Culture Shock

My family and I recently had an opportunity to spend a few days in Bangkok. One of the perks of being a professor is that occasionally you get to go on sabbatical, so the Buchanans headed for the farthest place from work: Australia. But Bangkok was a stop along the way, so we decided to venture out beyond the airport and go exploring. Finding a hotel in the center of Bangkok’s Chinatown district gave us a rapid immersion in Asian culture, something for which none of us were prepared.
Thomas S. Buchanan | 18 June 2011

I am coming soon; hold fast what you have, so that no one may seize your crown. He who conquers, I will make him a pillar in the temple of my God; never shall he go out of it, and I will write on him the name of my God, and the name of the city of my God, the new Jerusalem which comes down from my God out of heaven, and my own new name. He who has an ear, let him hear what the Spirit says to the churches.
—Revelation 3:11–13

My family and I recently had an opportunity to spend a few days in Bangkok. One of the perks of being a professor is that occasionally you get to go on sabbatical, so the Buchanans headed for the farthest place from work: Australia. But Bangkok was a stop along the way, so we decided to venture out beyond the airport and go exploring. Finding a hotel in the center of Bangkok’s Chinatown district gave us a rapid immersion in Asian culture, something for which none of us were prepared.
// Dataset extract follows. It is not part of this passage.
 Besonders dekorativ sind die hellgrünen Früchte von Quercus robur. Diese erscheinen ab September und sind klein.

This was my first time in a city in southeast Asia, and the sights, smells, and crowds were overwhelming. With me being roughly a foot taller than most people and having blond-haired, blue-eyed children, we stood out in the crowd; and the smells of the cooking foods (“was that a raccoon on that barbeque, Daddy?”), the narrowness of the walkways, the busyness of the traffic, and the pushing of the crowds was more than we could handle.
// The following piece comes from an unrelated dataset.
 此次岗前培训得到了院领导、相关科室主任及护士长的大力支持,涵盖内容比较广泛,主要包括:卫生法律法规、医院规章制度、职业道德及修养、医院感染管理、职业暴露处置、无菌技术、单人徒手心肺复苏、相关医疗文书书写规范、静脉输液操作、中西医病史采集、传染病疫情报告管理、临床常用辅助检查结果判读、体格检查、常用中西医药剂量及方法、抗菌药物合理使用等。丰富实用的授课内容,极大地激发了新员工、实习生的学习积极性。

I do enough foreign travel to have one of those cards that lets me board the plane first with the “preferred flyers,” but I found Bangkok to be altogether too foreign, and for the first time in my life, I felt culture shock. There was something paralyzing about being immersed in a civilization so completely different, to feel so much like I didn’t belong. The combination of inexplicable insecurity, anxiety, and vulnerability was unexpected. It was evident in the whole family.

As different as Bangkok was, I am sure the kingdom of heaven will be even more radically different. And I wonder if many of us will undergo culture shock when we try to settle there. The City of God, the New Jerusalem described by John the Theologian in the Book of Revelation, sounds rather foreign:

And the four beasts had each of them six wings about him; and they were full of eyes within: and they rest not day and night, saying, Holy, holy, holy, Lord God Almighty, which was, and is, and is to come. (Rev. 4:8)

The constant singing, the twenty-four-hour-a-day worship, and the many-eyed and many-winged angels make for a culture very different from that of my small town in Pennsylvania; even different from stranger places like New York or Los Angeles.

Perhaps the degree of culture shock we shall encounter in the kingdom of heaven depends upon how far we are from it today. Of course, we are heirs of the kingdom (James 2:5), but the Fathers of the Church teach us that the kingdom of heaven is accessible now. For example, Symeon the New Theologian wrote, “seek, knock, that the door to the Kingdom of Heaven be opened and you may enter into it and have it within you.” Similarly, Isaac the Syrian said that “the stairway to the kingdom of heaven is within you, secret in your soul.”

If we have the kingdom of God within us, if we are used to worshiping with the angels, then we cannot feel out of place when we take our great sabbatical leave to the heavenly kingdom.